Missolonghi is a town in southern Aetolia-Acarnania in western Continental Greece, located on a promontory jutting into a lagoon at the entrance of the namesake gulf. The town emerged as a fishing and trading settlement sometime in the 16th century. When the Greek War of Independence broke out in spring 1821, Missolonghi was the first place in western Greece to join the uprising, on 20 May 1822, led by the town elders, such as Athanasios Razikotsikas. With the aid of the klepht chieftain Dimitrios Makris, the nearby island of Anatoliko was also captured soon after.
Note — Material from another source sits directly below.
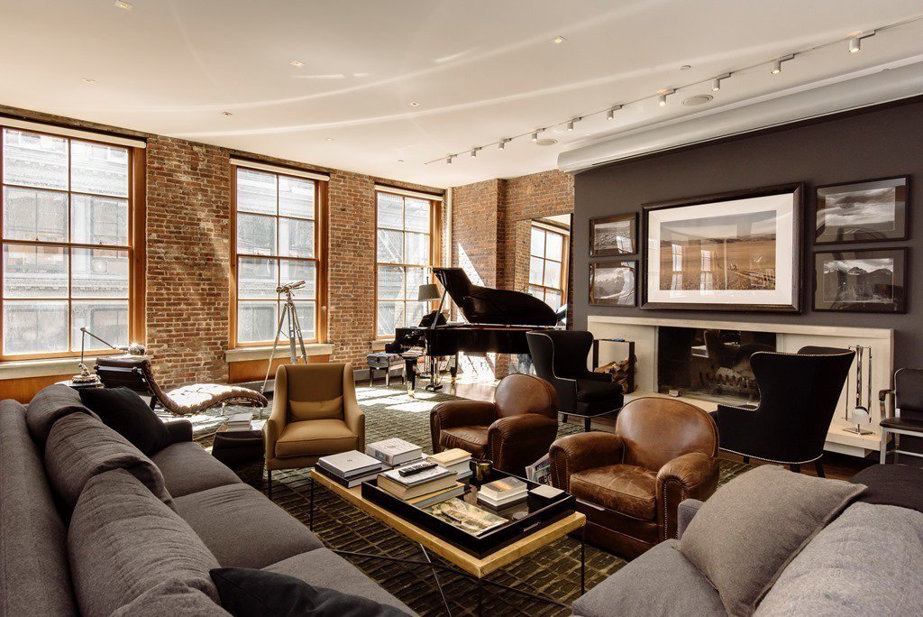 Un lugar de honor en el medio de la sala siempre está ocupado por un gran sofá. Puede ser un "yugo" gigante de cuero en mal estado o un "yugo" textil con una masa de almohadas multicolores. Debe estar solo, para no privar al centro semántico de la sala de la individualidad. Una abundancia de asientos es característica de un loft. Pueden ser sillas de metal, estructuras de madera, otomanas suaves y otros artículos originales.Atributos indispensables: lámparas de pie, muchas mesas de café, tecnología moderna.

Its location made it a vital bastion to the Greeks in the War of Independence: protected by a chain of small islands and its lagoon from the sea, and by a wall and the marshy terrain from the landward side, it was strategically located near the Peloponnese and the Ionian Islands. In November 1821, Alexandros Mavrokordatos established a regional government for the territories controlled by the revolutionaries in western Greece, the "Senate of Western Continental Greece".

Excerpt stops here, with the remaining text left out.